(Dataset entries)
________________________

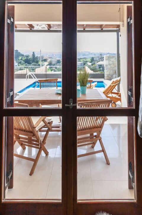 This contemporary villa for sale in Platanias, Chania, Crete, is situated in the serene village of Modi. The property spans 500m2, with a stylish and comfortable 80m2 living space. it features two spacious bedrooms, one bathroom, and is designed all on a single floor for easy living. The villa boasts a fully equipped kitchen with modern appliances, a bright living and dining area that flows directly to the private pool area, and two well-sized bedrooms, each with air-conditioning for added comfort. The expansive terrace provides the perfect space for outdoor relaxation, complete with a private swimming pool, sunbathing area, and a dining space to enjoy meals while soaking in the stunning views of the surrounding mountains and countryside. Modi is renowned for its peaceful and picturesque environment, offering a peaceful escape while still being just 5 minutes from the sea and all essential amenities. This villa is an ideal choice for those seeking both modern comfort and natural beauty in a charming Cretan village. Modi is a picturesque, lush village that forms part of the Platanias municipality, offering a tranquil setting while being conveniently close to the beach and local amenities. The village is rich in traditional Cretan charm, with a variety of historic sights and cultural landmarks nearby. its peaceful atmosphere provides the perfect retreat, yet it's just a 20-minute drive to the vibrant city of Chania, ensuring easy access to all the attractions of the area. For those seeking adventure, Modi offers a wealth of exploration opportunities, making it an ideal destination for peaceful getaways or more active holidays.
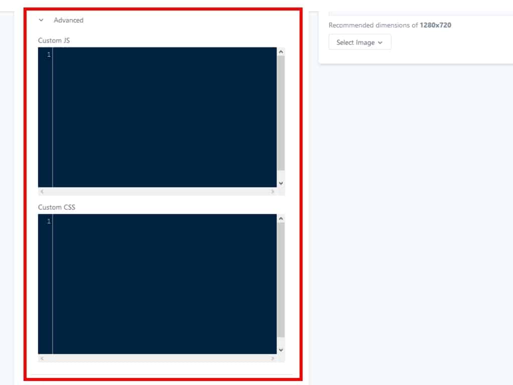This opens text boxes for JavaScript and CSS. This is where you would add custom code to your offer page.
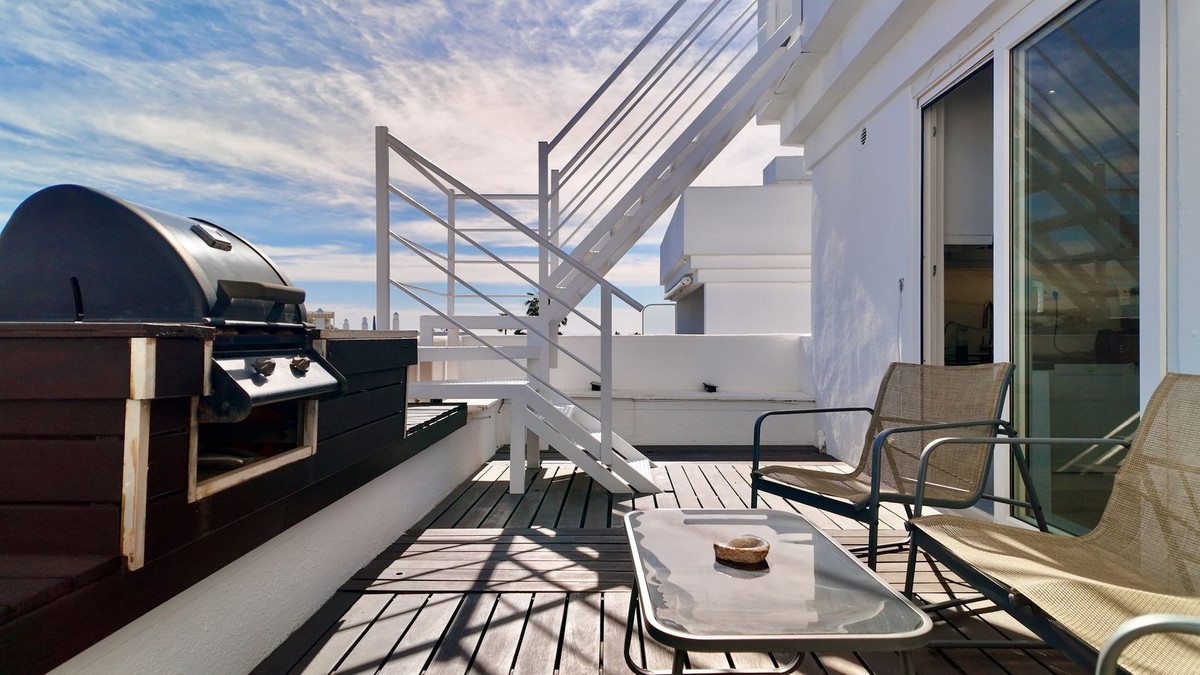 A fully renovated duplex penthouse with panoramic sea views, La Concha and Gibraltar for under €400,000 is a rare opportunity in Marbella.
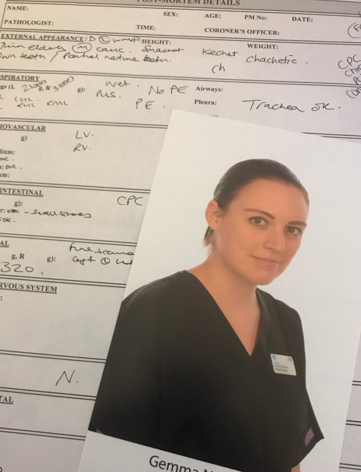 The photo below has an example of one of these sheets, all the scribbling on this is my practice beforehand and a colleague showing me how it works, it does not relate to any patient at all. The photograph of me overlaying the sheet is one taken for a poster showing all the mortuary staff. I think I look a bit scary and quite orange, but I’ve certainly looked worse. Funnily I look a lot worse on my actual staff pass where somehow I’m not even looking at the camera.
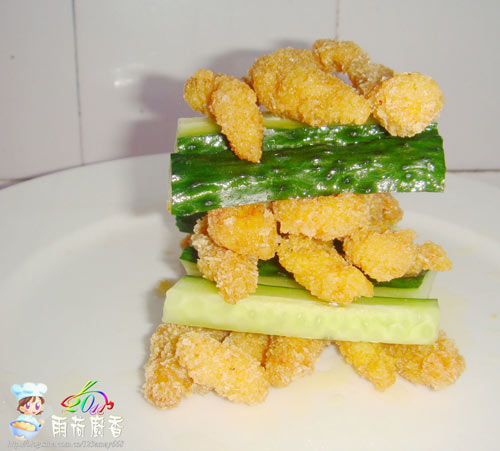 5、然后粘满面包渣待用;
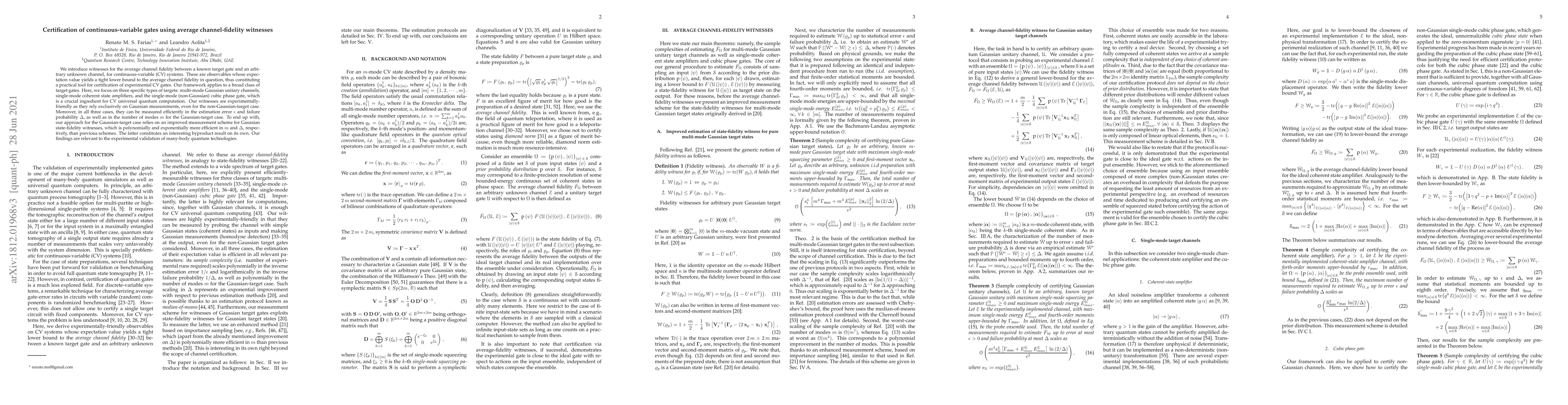 We introduce witnesses for the average channel fidelity between a known target gate and an arbitrary unknown channel, for continuous-variable (CV) systems. These are observables whose expectation value yields a tight lower bound to the average channel fidelity in question, thus constituting a practical tool for certification of experimental CV gates. Our framework applies to a broad class of target gates. Here, we focus on three specific types of targets: multi-mode Gaussian unitary channels, single-mode coherent state amplifiers, and the single-mode (non-Gaussian) cubic phase gate, which is a crucial ingredient for CV universal quantum computation. Our witnesses are experimentally-friendly as they rely exclusively on Gaussian measurements, even for the non-Gaussian-target case. Moreover, in all three cases, they can be measured efficiently in the estimation error $\epsilon$ and failure probability $\Delta$, as well as in the number of modes $m$ for the Gaussian-target case. To end up with, our approach for the Gaussian-target case relies on an improved measurement scheme for Gaussian state-fidelity witnesses, which is polynomially and exponentially more efficient in $m$ and $\Delta$, respectively, than previous schemes. The latter constitutes an interesting byproduct result on its own. Our findings are relevant to the experimental validation of many-body quantum technologies.
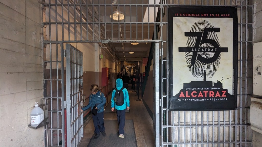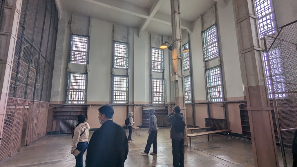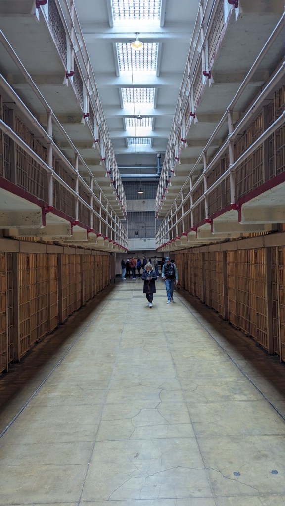 C’était juste impossible de s’évader car Alcatraz est à 2,5km jusqu’à la côte, avec des courants énormes, de l’eau gelée et des requins mangeurs d’hommes. Les prisonniers les plus célèbres sont Al Capone, Bird Man of Alcatraz et Machine Gun Kelly. Il y avait les cellules simples pour ceux qui écoutaient, ils pouvaient sortir pour aller dans la cour, jouer au baseball ou jouer au dominos (mais ce n’est pas du dominos normal, car ils ont inventé un nouveau jeu de dominos). Ceux qui étaient exemplaire avec même le droit d’être abonnés à un journal ou faire de la musique ou d’aller dehors plus longtemps que les autres. Si ils n’écoutaient pas, ils allaient dans une cellule un petit peu plus grande, mais où ils ne voyaient pas la lumière du jour et sortaient juste une fois par semaine pour aller se doucher. Ensuite, il y avait le trou où il ne voyait jamais la lumière du jour et ne sortait jamais. C’était vraiment horrible.

________________________

What is required → Output every entry above exactly, minus the pictures.

Answer area →
 This contemporary villa for sale in Platanias, Chania, Crete, is situated in the serene village of Modi. The property spans 500m2, with a stylish and comfortable 80m2 living space. it features two spacious bedrooms, one bathroom, and is designed all on a single floor for easy living. The villa boasts a fully equipped kitchen with modern appliances, a bright living and dining area that flows directly to the private pool area, and two well-sized bedrooms, each with air-conditioning for added comfort. The expansive terrace provides the perfect space for outdoor relaxation, complete with a private swimming pool, sunbathing area, and a dining space to enjoy meals while soaking in the stunning views of the surrounding mountains and countryside. Modi is renowned for its peaceful and picturesque environment, offering a peaceful escape while still being just 5 minutes from the sea and all essential amenities. This villa is an ideal choice for those seeking both modern comfort and natural beauty in a charming Cretan village. Modi is a picturesque, lush village that forms part of the Platanias municipality, offering a tranquil setting while being conveniently close to the beach and local amenities. The village is rich in traditional Cretan charm, with a variety of historic sights and cultural landmarks nearby. its peaceful atmosphere provides the perfect retreat, yet it's just a 20-minute drive to the vibrant city of Chania, ensuring easy access to all the attractions of the area. For those seeking adventure, Modi offers a wealth of exploration opportunities, making it an ideal destination for peaceful getaways or more active holidays.
This opens text boxes for JavaScript and CSS. This is where you would add custom code to your offer page.
 A fully renovated duplex penthouse with panoramic sea views, La Concha and Gibraltar for under €400,000 is a rare opportunity in Marbella.
 The photo below has an example of one of these sheets, all the scribbling on this is my practice beforehand and a colleague showing me how it works, it does not relate to any patient at all. The photograph of me overlaying the sheet is one taken for a poster showing all the mortuary staff. I think I look a bit scary and quite orange, but I’ve certainly looked worse. Funnily I look a lot worse on my actual staff pass where somehow I’m not even looking at the camera.
 5、然后粘满面包渣待用;
 We introduce witnesses for the average channel fidelity between a known target gate and an arbitrary unknown channel, for continuous-variable (CV) systems. These are observables whose expectation value yields a tight lower bound to the average channel fidelity in question, thus constituting a practical tool for certification of experimental CV gates. Our framework applies to a broad class of target gates. Here, we focus on three specific types of targets: multi-mode Gaussian unitary channels, single-mode coherent state amplifiers, and the single-mode (non-Gaussian) cubic phase gate, which is a crucial ingredient for CV universal quantum computation. Our witnesses are experimentally-friendly as they rely exclusively on Gaussian measurements, even for the non-Gaussian-target case. Moreover, in all three cases, they can be measured efficiently in the estimation error $\epsilon$ and failure probability $\Delta$, as well as in the number of modes $m$ for the Gaussian-target case. To end up with, our approach for the Gaussian-target case relies on an improved measurement scheme for Gaussian state-fidelity witnesses, which is polynomially and exponentially more efficient in $m$ and $\Delta$, respectively, than previous schemes. The latter constitutes an interesting byproduct result on its own. Our findings are relevant to the experimental validation of many-body quantum technologies.
 C’était juste impossible de s’évader car Alcatraz est à 2,5km jusqu’à la côte, avec des courants énormes, de l’eau gelée et des requins mangeurs d’hommes. Les prisonniers les plus célèbres sont Al Capone, Bird Man of Alcatraz et Machine Gun Kelly. Il y avait les cellules simples pour ceux qui écoutaient, ils pouvaient sortir pour aller dans la cour, jouer au baseball ou jouer au dominos (mais ce n’est pas du dominos normal, car ils ont inventé un nouveau jeu de dominos). Ceux qui étaient exemplaire avec même le droit d’être abonnés à un journal ou faire de la musique ou d’aller dehors plus longtemps que les autres. Si ils n’écoutaient pas, ils allaient dans une cellule un petit peu plus grande, mais où ils ne voyaient pas la lumière du jour et sortaient juste une fois par semaine pour aller se doucher. Ensuite, il y avait le trou où il ne voyait jamais la lumière du jour et ne sortait jamais. C’était vraiment horrible.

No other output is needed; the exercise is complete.